Directions for this task
Go to the line holding "COOLERBAG S POCKET" in the entries below and write out exactly every line down to and including the line holding "Dyskusja z projektantem".

Raw data
::::::

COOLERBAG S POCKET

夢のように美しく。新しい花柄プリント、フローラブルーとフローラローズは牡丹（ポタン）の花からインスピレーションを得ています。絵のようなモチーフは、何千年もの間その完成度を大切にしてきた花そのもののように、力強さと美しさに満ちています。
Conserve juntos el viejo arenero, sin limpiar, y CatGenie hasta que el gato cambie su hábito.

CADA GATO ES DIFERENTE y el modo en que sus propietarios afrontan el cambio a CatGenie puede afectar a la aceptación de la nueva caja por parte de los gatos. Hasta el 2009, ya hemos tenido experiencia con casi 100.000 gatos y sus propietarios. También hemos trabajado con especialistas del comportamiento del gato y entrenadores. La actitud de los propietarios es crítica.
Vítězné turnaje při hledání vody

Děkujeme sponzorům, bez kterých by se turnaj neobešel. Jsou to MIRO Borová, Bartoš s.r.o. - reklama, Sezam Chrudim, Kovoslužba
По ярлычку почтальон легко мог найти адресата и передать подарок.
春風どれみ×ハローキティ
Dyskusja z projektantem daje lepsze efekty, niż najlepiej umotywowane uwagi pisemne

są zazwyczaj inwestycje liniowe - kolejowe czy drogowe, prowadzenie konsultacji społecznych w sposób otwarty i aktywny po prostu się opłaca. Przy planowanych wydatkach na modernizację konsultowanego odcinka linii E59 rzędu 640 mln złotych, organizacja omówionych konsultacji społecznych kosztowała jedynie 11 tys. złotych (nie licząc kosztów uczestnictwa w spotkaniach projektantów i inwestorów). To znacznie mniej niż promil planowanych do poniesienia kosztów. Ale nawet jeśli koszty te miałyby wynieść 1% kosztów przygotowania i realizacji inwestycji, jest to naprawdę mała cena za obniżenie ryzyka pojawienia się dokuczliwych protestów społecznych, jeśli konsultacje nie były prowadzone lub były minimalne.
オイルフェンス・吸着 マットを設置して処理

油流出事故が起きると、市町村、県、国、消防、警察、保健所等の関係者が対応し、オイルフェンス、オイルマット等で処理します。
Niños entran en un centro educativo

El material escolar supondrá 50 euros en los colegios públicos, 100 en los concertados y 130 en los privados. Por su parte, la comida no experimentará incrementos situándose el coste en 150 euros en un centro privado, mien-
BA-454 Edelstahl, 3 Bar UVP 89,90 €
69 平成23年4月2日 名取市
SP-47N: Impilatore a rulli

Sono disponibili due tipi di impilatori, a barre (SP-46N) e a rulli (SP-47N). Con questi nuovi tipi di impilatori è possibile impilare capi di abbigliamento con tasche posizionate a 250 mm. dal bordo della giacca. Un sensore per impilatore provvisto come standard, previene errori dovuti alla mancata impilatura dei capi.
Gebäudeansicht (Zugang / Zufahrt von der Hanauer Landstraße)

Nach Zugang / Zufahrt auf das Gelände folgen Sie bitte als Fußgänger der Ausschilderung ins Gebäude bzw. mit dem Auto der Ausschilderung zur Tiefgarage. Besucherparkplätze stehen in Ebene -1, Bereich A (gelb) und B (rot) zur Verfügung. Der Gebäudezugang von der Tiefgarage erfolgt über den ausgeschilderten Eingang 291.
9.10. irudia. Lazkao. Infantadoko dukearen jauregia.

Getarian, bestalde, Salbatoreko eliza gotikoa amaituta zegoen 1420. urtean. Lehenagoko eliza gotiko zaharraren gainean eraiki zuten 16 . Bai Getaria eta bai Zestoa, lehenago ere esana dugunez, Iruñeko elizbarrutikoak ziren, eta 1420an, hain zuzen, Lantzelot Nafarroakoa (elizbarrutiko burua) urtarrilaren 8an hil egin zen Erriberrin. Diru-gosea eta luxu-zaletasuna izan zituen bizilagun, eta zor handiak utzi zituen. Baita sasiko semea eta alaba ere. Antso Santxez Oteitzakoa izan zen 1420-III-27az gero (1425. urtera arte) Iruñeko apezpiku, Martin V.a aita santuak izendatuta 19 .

::::::

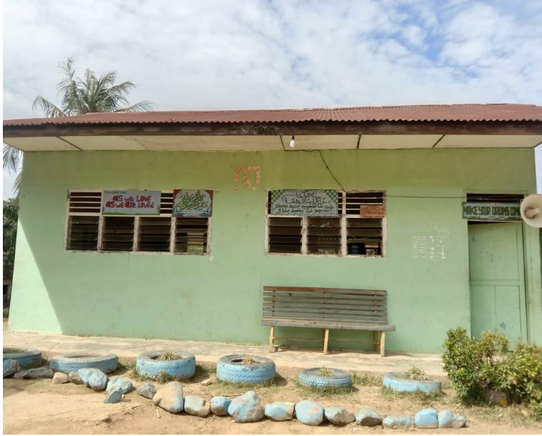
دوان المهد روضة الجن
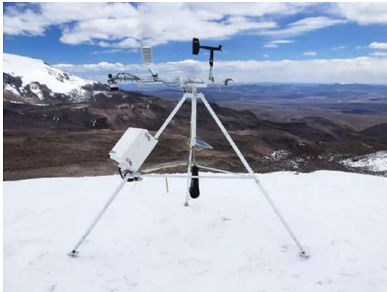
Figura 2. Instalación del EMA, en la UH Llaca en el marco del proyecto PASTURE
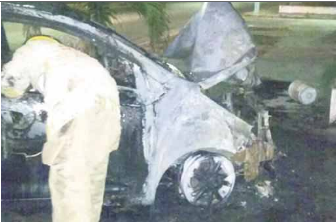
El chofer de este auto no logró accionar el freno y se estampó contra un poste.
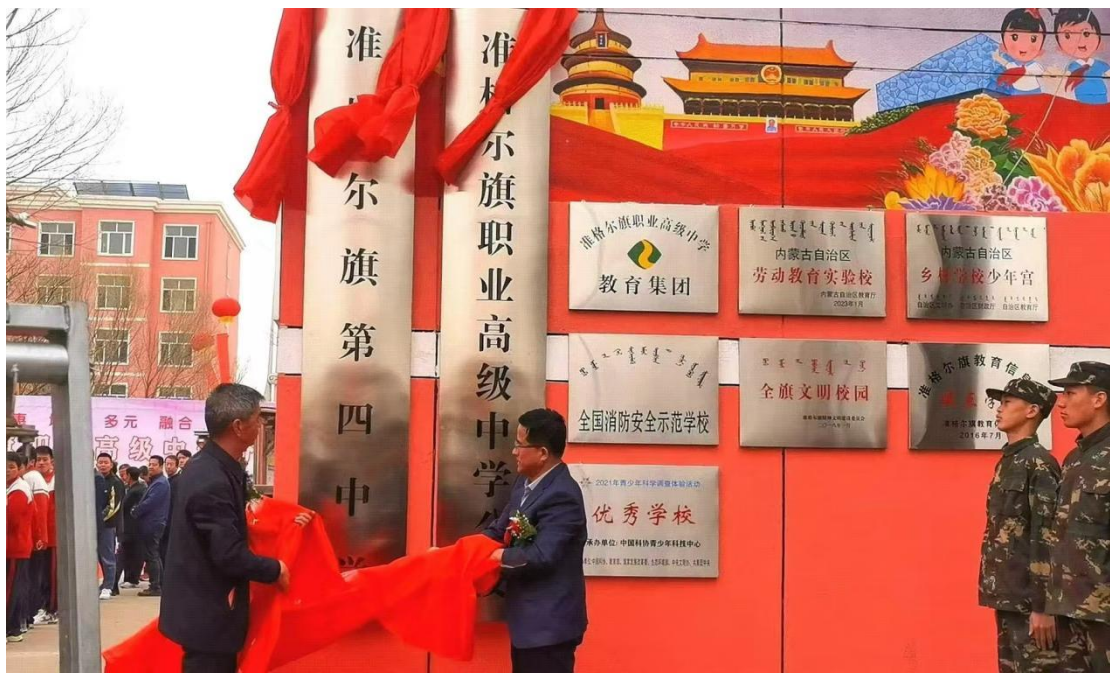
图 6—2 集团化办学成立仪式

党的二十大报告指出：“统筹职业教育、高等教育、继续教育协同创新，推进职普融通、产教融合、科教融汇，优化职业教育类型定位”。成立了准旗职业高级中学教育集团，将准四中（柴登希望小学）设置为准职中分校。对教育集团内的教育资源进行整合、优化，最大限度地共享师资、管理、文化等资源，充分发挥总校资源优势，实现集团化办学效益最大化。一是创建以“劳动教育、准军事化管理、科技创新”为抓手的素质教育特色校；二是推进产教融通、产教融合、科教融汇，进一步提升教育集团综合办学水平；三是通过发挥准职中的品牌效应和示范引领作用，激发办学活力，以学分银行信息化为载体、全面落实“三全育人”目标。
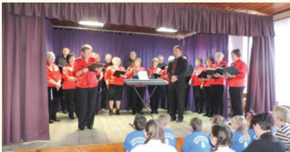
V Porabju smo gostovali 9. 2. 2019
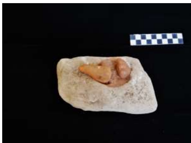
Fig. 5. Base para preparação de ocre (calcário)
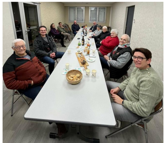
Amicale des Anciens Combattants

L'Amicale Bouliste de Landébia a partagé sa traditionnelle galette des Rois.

::::::

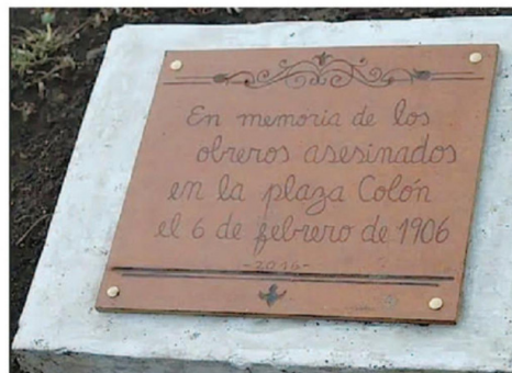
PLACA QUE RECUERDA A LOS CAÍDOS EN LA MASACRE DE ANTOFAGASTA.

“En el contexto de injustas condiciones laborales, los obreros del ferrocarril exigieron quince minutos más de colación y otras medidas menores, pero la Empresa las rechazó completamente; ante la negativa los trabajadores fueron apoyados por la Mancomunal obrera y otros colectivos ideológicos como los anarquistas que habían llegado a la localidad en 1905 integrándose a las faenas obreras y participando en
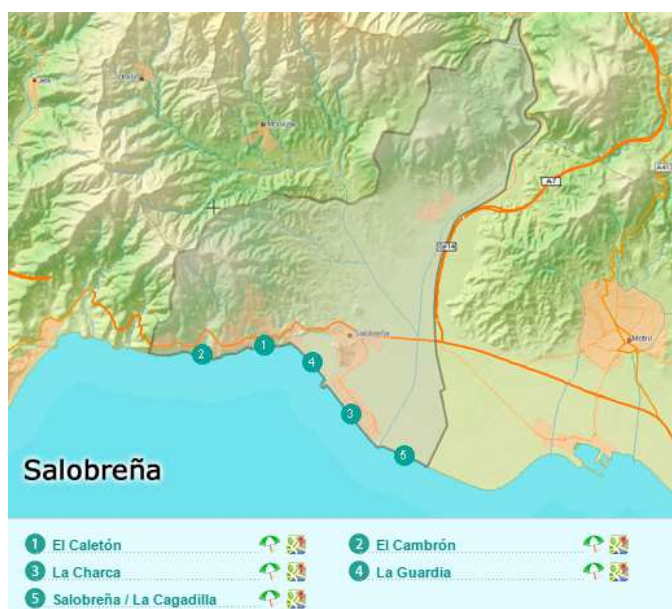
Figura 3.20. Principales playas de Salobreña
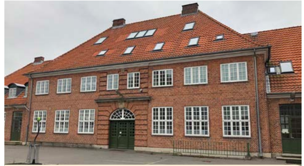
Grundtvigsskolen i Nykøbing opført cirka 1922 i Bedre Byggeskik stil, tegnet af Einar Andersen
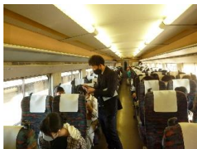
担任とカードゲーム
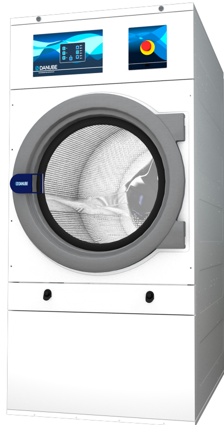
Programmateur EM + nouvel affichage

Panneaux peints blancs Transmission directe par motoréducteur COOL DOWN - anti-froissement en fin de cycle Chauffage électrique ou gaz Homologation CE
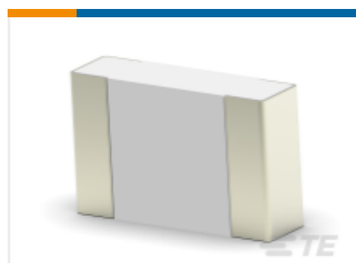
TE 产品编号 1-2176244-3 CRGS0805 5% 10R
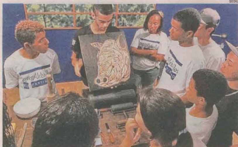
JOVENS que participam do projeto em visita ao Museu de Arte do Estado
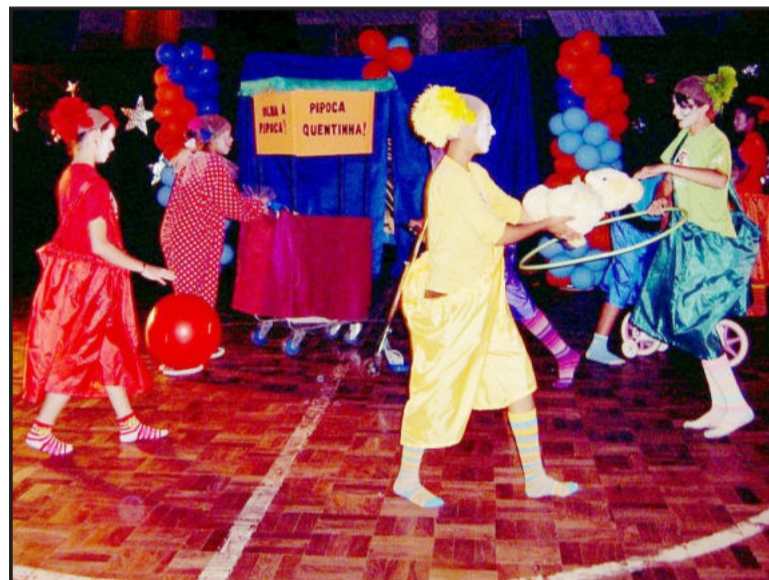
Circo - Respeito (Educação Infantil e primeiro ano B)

::::::

Exercise answer
COOLERBAG S POCKET

夢のように美しく。新しい花柄プリント、フローラブルーとフローラローズは牡丹（ポタン）の花からインスピレーションを得ています。絵のようなモチーフは、何千年もの間その完成度を大切にしてきた花そのもののように、力強さと美しさに満ちています。
Conserve juntos el viejo arenero, sin limpiar, y CatGenie hasta que el gato cambie su hábito.

CADA GATO ES DIFERENTE y el modo en que sus propietarios afrontan el cambio a CatGenie puede afectar a la aceptación de la nueva caja por parte de los gatos. Hasta el 2009, ya hemos tenido experiencia con casi 100.000 gatos y sus propietarios. También hemos trabajado con especialistas del comportamiento del gato y entrenadores. La actitud de los propietarios es crítica.
Vítězné turnaje při hledání vody

Děkujeme sponzorům, bez kterých by se turnaj neobešel. Jsou to MIRO Borová, Bartoš s.r.o. - reklama, Sezam Chrudim, Kovoslužba
По ярлычку почтальон легко мог найти адресата и передать подарок.
春風どれみ×ハローキティ
Dyskusja z projektantem daje lepsze efekty, niż najlepiej umotywowane uwagi pisemne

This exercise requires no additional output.